• Your instructions:
Within the listing that follows, reproduce exactly the lines starting at the line with "문제는 우리 신탁시장이" and ending at the line with "5(b)当股份交付时,公司须", inclusive, and only those. Pictures are dropped.

+++ Given information

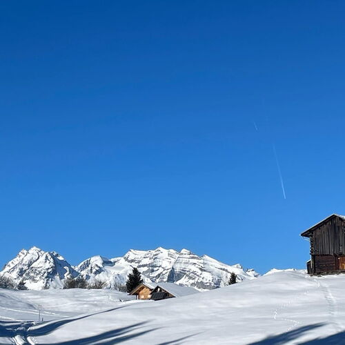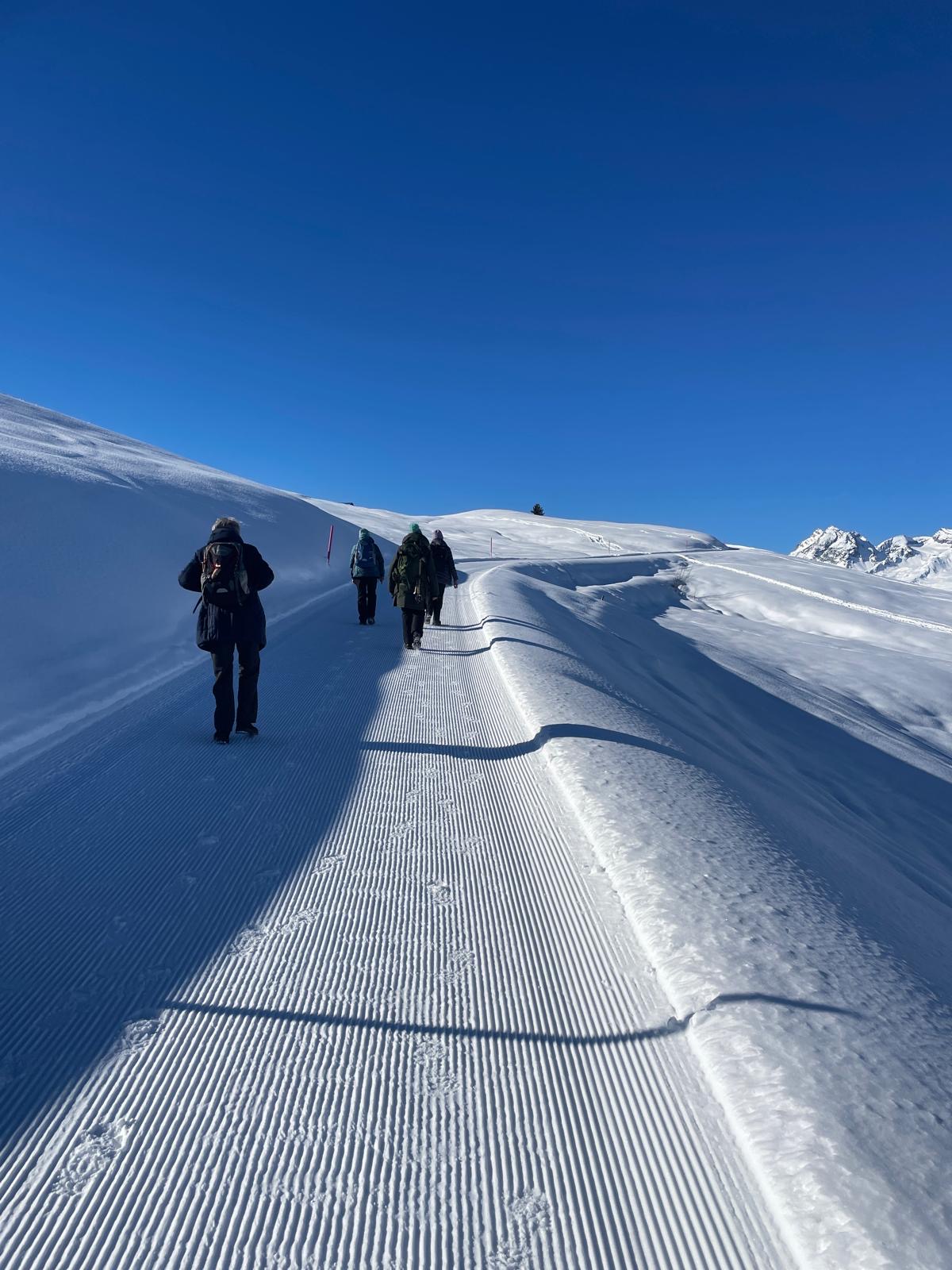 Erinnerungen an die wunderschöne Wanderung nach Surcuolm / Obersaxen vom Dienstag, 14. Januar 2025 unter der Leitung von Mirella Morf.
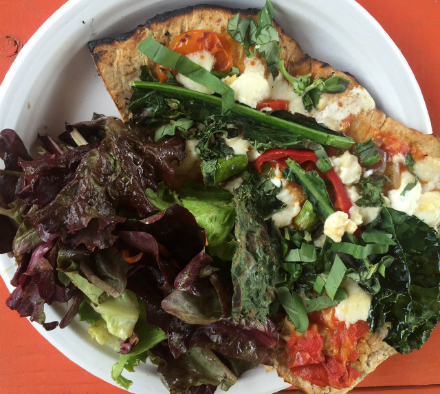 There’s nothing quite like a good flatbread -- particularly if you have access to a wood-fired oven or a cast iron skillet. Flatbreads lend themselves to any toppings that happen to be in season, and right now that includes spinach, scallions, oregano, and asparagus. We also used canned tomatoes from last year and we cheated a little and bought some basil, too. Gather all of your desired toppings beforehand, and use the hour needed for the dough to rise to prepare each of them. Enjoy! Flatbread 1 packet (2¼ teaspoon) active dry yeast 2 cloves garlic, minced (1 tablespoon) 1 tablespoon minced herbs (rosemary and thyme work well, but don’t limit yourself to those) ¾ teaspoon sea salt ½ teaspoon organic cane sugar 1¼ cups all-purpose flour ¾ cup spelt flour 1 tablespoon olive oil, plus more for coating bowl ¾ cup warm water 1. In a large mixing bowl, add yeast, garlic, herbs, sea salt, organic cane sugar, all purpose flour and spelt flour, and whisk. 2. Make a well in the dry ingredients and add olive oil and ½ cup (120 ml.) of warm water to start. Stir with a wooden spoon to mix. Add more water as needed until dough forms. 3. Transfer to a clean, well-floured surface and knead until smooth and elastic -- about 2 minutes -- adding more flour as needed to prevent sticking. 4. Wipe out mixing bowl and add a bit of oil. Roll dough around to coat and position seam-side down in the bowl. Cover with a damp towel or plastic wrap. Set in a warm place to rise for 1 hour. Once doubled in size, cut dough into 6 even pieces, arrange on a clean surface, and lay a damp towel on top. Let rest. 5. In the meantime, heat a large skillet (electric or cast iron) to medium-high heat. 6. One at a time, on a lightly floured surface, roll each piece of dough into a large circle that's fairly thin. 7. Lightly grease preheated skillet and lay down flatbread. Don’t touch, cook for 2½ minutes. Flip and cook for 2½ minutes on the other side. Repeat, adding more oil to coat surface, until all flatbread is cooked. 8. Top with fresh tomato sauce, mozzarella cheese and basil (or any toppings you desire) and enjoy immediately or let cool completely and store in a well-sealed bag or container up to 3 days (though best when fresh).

++++++
+++ Given information

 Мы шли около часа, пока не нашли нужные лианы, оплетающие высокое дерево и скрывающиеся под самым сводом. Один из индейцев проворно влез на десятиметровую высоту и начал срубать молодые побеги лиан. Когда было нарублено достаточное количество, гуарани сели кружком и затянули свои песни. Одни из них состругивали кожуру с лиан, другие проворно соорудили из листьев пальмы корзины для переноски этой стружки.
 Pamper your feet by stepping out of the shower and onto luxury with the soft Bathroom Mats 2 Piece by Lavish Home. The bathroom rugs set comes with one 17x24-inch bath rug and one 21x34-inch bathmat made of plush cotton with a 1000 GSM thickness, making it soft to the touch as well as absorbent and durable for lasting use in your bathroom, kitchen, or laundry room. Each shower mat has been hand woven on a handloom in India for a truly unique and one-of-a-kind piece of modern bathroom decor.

++++++
+++ Given information

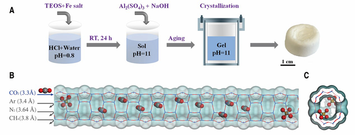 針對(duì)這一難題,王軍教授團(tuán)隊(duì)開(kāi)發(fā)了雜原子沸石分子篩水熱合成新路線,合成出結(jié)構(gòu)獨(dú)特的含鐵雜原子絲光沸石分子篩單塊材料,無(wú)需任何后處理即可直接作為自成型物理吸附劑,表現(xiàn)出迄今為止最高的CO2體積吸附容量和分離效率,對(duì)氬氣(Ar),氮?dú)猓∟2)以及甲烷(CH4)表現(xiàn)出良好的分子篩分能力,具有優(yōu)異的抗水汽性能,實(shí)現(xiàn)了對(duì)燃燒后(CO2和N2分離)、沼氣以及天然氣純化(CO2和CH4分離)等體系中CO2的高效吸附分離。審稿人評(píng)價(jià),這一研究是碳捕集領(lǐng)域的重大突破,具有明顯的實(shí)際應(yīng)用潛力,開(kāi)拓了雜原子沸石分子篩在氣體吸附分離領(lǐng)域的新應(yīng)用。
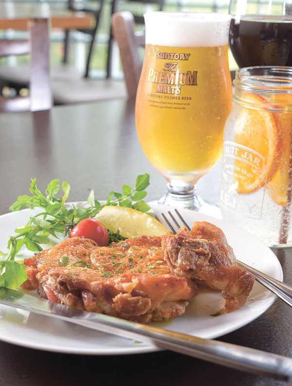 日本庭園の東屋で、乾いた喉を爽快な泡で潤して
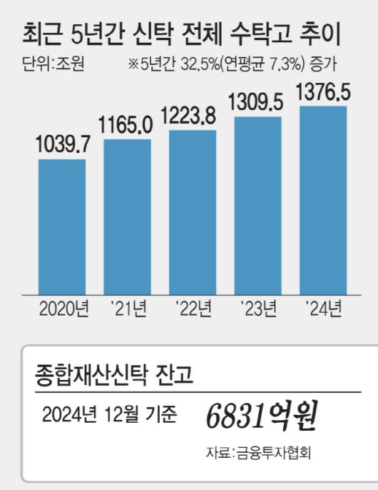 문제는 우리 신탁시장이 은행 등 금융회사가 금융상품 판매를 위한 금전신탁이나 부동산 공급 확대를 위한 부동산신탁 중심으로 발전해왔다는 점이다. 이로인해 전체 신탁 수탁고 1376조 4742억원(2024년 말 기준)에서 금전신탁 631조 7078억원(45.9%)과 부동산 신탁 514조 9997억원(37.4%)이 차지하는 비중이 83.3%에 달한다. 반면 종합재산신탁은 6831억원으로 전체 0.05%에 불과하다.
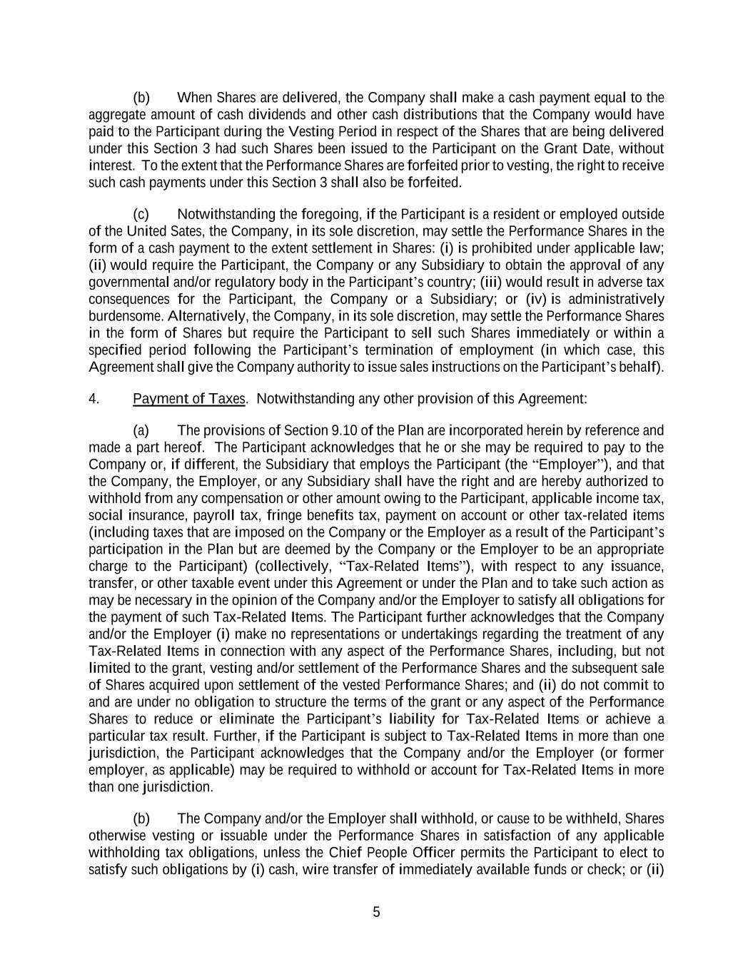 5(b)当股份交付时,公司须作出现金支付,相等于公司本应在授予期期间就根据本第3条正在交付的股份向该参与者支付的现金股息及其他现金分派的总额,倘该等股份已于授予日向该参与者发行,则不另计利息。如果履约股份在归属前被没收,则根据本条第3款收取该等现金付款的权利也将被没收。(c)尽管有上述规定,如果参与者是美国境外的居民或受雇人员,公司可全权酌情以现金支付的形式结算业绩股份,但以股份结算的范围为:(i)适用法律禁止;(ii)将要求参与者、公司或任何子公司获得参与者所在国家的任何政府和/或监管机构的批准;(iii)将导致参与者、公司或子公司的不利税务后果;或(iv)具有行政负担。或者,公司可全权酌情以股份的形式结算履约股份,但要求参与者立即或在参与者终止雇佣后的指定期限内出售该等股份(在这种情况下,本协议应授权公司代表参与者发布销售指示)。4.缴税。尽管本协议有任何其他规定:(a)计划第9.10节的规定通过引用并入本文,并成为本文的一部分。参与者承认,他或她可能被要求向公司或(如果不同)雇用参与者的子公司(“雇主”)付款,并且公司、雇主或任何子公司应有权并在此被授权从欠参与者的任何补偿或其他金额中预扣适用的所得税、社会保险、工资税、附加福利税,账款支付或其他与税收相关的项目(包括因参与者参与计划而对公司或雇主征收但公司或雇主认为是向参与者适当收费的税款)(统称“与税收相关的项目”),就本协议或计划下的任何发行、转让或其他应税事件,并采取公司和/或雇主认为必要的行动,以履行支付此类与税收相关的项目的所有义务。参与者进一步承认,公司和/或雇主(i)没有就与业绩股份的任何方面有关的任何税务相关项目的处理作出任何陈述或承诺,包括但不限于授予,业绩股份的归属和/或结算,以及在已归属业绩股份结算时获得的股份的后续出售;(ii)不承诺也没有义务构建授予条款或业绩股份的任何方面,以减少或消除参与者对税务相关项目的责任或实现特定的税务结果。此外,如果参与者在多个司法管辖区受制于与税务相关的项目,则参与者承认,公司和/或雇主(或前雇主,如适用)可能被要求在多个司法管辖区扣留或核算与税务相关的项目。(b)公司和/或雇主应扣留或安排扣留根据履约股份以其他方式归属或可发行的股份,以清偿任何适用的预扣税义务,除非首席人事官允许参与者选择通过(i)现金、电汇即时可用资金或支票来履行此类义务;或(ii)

++++++

• Response for this exercise:
 문제는 우리 신탁시장이 은행 등 금융회사가 금융상품 판매를 위한 금전신탁이나 부동산 공급 확대를 위한 부동산신탁 중심으로 발전해왔다는 점이다. 이로인해 전체 신탁 수탁고 1376조 4742억원(2024년 말 기준)에서 금전신탁 631조 7078억원(45.9%)과 부동산 신탁 514조 9997억원(37.4%)이 차지하는 비중이 83.3%에 달한다. 반면 종합재산신탁은 6831억원으로 전체 0.05%에 불과하다.
 5(b)当股份交付时,公司须作出现金支付,相等于公司本应在授予期期间就根据本第3条正在交付的股份向该参与者支付的现金股息及其他现金分派的总额,倘该等股份已于授予日向该参与者发行,则不另计利息。如果履约股份在归属前被没收,则根据本条第3款收取该等现金付款的权利也将被没收。(c)尽管有上述规定,如果参与者是美国境外的居民或受雇人员,公司可全权酌情以现金支付的形式结算业绩股份,但以股份结算的范围为:(i)适用法律禁止;(ii)将要求参与者、公司或任何子公司获得参与者所在国家的任何政府和/或监管机构的批准;(iii)将导致参与者、公司或子公司的不利税务后果;或(iv)具有行政负担。或者,公司可全权酌情以股份的形式结算履约股份,但要求参与者立即或在参与者终止雇佣后的指定期限内出售该等股份(在这种情况下,本协议应授权公司代表参与者发布销售指示)。4.缴税。尽管本协议有任何其他规定:(a)计划第9.10节的规定通过引用并入本文,并成为本文的一部分。参与者承认,他或她可能被要求向公司或(如果不同)雇用参与者的子公司(“雇主”)付款,并且公司、雇主或任何子公司应有权并在此被授权从欠参与者的任何补偿或其他金额中预扣适用的所得税、社会保险、工资税、附加福利税,账款支付或其他与税收相关的项目(包括因参与者参与计划而对公司或雇主征收但公司或雇主认为是向参与者适当收费的税款)(统称“与税收相关的项目”),就本协议或计划下的任何发行、转让或其他应税事件,并采取公司和/或雇主认为必要的行动,以履行支付此类与税收相关的项目的所有义务。参与者进一步承认,公司和/或雇主(i)没有就与业绩股份的任何方面有关的任何税务相关项目的处理作出任何陈述或承诺,包括但不限于授予,业绩股份的归属和/或结算,以及在已归属业绩股份结算时获得的股份的后续出售;(ii)不承诺也没有义务构建授予条款或业绩股份的任何方面,以减少或消除参与者对税务相关项目的责任或实现特定的税务结果。此外,如果参与者在多个司法管辖区受制于与税务相关的项目,则参与者承认,公司和/或雇主(或前雇主,如适用)可能被要求在多个司法管辖区扣留或核算与税务相关的项目。(b)公司和/或雇主应扣留或安排扣留根据履约股份以其他方式归属或可发行的股份,以清偿任何适用的预扣税义务,除非首席人事官允许参与者选择通过(i)现金、电汇即时可用资金或支票来履行此类义务;或(ii)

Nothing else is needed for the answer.